Why Are Hep C Infections Skyrocketing? Opioid Abuse to Blame
RENE WISELY January 02, 2018 6:00 AM
A spike in hepatitis C infections is directly tied to the rise in opioid addiction, putting vulnerable people at a high risk of contracting the deadly virus.
It also has catapulted a form of liver disease back into the spotlight: New hepatitis C cases have nearly tripled between 2010 and 2015, according to the Centers for Disease Control and Prevention.
The growing use of opioids, a class of drugs used to reduce pain, is to blame. These drugs include prescription medicines such as OxyContin, Vicodin, morphine and fentanyl, as well as the illegal form of it, heroin.
People who use them, the CDC found, are most at risk of an acute hepatitis C infection.
“We see at least one or two patients a month coming into our hospital with an acute hepatitis C infection, and they are frequently young people who are using and experimenting with illicit drugs,” says liver specialist Robert Fontana, M.D., a professor of medicine and the medical director of Michigan Medicine’s liver transplantation program.
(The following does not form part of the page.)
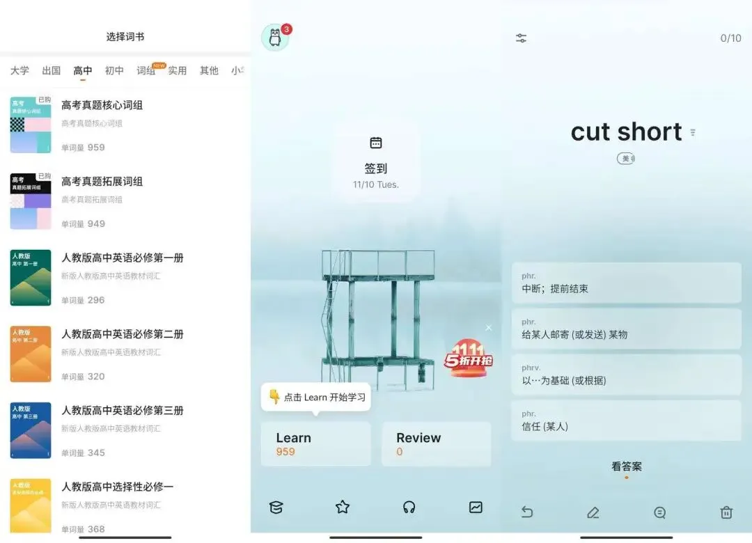 不背单词,专为英语考试定制的一站式解决方案。在海量有声例句创造的真实语境中,用强大的学习理念串联,高效呈现词义和用法,同时借助智能记忆算法,真正科学高效地掌握单词。手机号登录即可使用!

Hep C and drug use: A deadly problem
Hepatitis C is a liver-damaging virus that, without treatment, can lead to liver failure and liver cancer. It’s currently the deadliest infectious disease in the United States, killing 20,000 people in 2015.
It spreads when people share blood, including swapping infected needles or other paraphernalia to inject drugs like heroin, during sex and through childbirth.
Although there is no preventive vaccine, physician-researchers have found a medicinal cure that is effective in up to 95 percent of hepatitis C cases. With these effective but expensive antiviral medications, doctors thought they were closer to eradicating a virus that affects 3 to 4 million Americans.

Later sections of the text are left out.